Median Ride Length per Day
What is the median ride duration per day of each rider group?
It can be seen that the highest median ride length for both casual riders and members is on Saturday and Sunday. This could mean that both rider group have more time to ride or go for a trip during weekends than on weekdays. Casual riders also has longer ride duration compared to members.
Total Rides per Day
How many rides per day does each rider group take?
From the result, it can be seen that most trips occurred during weekends(Saturday and Sunday) for both members and casual riders. But if we look at it further, there are higher trips taken by members than the casual riders during weekends. This could mean members most often use the service during weekdays and casual riders most often use the service during weekends.

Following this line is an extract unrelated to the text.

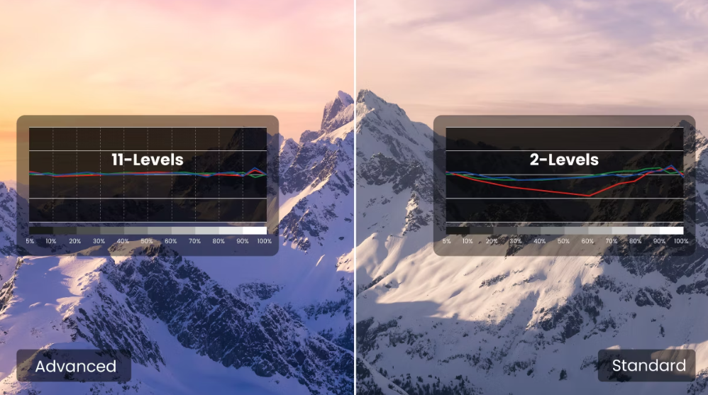 BenQ'nun üst düzey sinema projektörleri, en üst düzey renk doğruluğu için parlaklık aralığında 11 seviyeli beyaz dengesi kontrolüyle gelişmiş renk sıcaklığı ayarı sunarak, içerik meraklılarının orta tonlu renkleri hassas bir şekilde ince ayar yapmasına olanak tanır.

Most Popular Start Stations
What station is the most popular for each rider type?
Voila! It seems like the trips made by the riders start from different regions. We’ll look into this better through a visualization. From the top 10 start station for members and casual riders, there is only one station where both riders’ top 10 start station is the same. It is the Wells St & Concord Ln.
Most Used Bike Type
What is the most popular bike riders use?
There are three bike types riders may use. Riders may use either a classic bike, an electric bike or a docked bike.
The query showed that riders use classic bikes more than the two bike types. Next, I investigated the most popular bike type by members and casual riders.
The above remains true where classic bikes is the most used bike for each rider group. Another interesting thing here is that only one annual rider used a docked bike. Casual riders used docked bikes more than members.